Inspiration

Every generation of developer tools has made software creation more accessible — but the input has always been text. We type code, type prompts, type descriptions. Meanwhile, the most natural way humans communicate ideas is by talking and drawing.

We asked: what if building software felt like explaining an idea on a whiteboard to a brilliant colleague who could actually build it on the spot?

That question became Monet — named after the painter who turned fleeting impressions into art. Monet turns your impressions into software.

What it does

Monet is a real-time canvas where voice and sketch become working softwares. You speak naturally to an AI assistant while drawing on a freehand canvas, and it builds your app live.

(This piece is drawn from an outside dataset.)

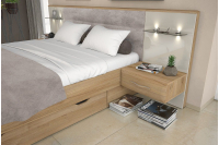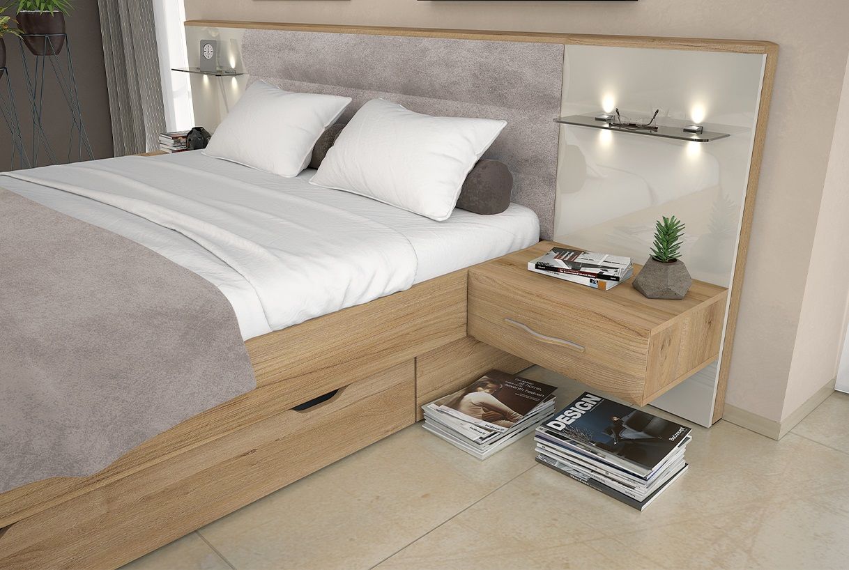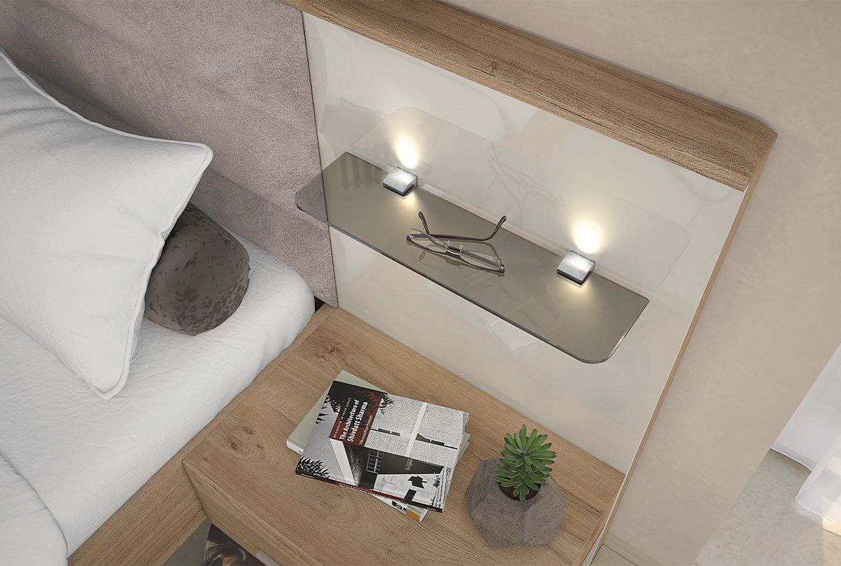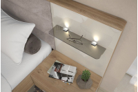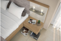 Nočne omarice: Zagotavljajo priročen prostor za shranjevanje knjig, svetilk in drugih manjših predmetov. Na voljo sta dva modela nočnih omaric: klasična nočna omarica z dvema predaloma ali stenska nočna omarica, katega ima predal, poličko in vgrajene LED luči.

  • Voice-first interaction: Speak naturally using bidirectional streaming with the Gemini Live API. Monet listens, responds with voice, handles interruptions seamlessly, and never requires you to type.
  • Sketch-to-code: Draw rough layouts with a blue pen on the canvas. Circle an element and say "make this bigger" — Monet interprets your annotations as visual instructions.
  • Live preview: Watch your app update in real time as code is generated — actual code running in the browser, not a static mockup.
  • Image generation: Draw a rough composition, describe what you want, and Monet generates a polished image and integrates it directly into your app.
  • Reference uploads: Drop in screenshots, design mockups, or photos and Monet uses them as context for generation.
  • One-click deploy: Share your creation with a unique URL, accessible to anyone.

How we built it

Monet is a full-stack application with a clear separation between a Nextjs frontend and a FastAPI backend orchestrated through the Agent Development Kit (ADK).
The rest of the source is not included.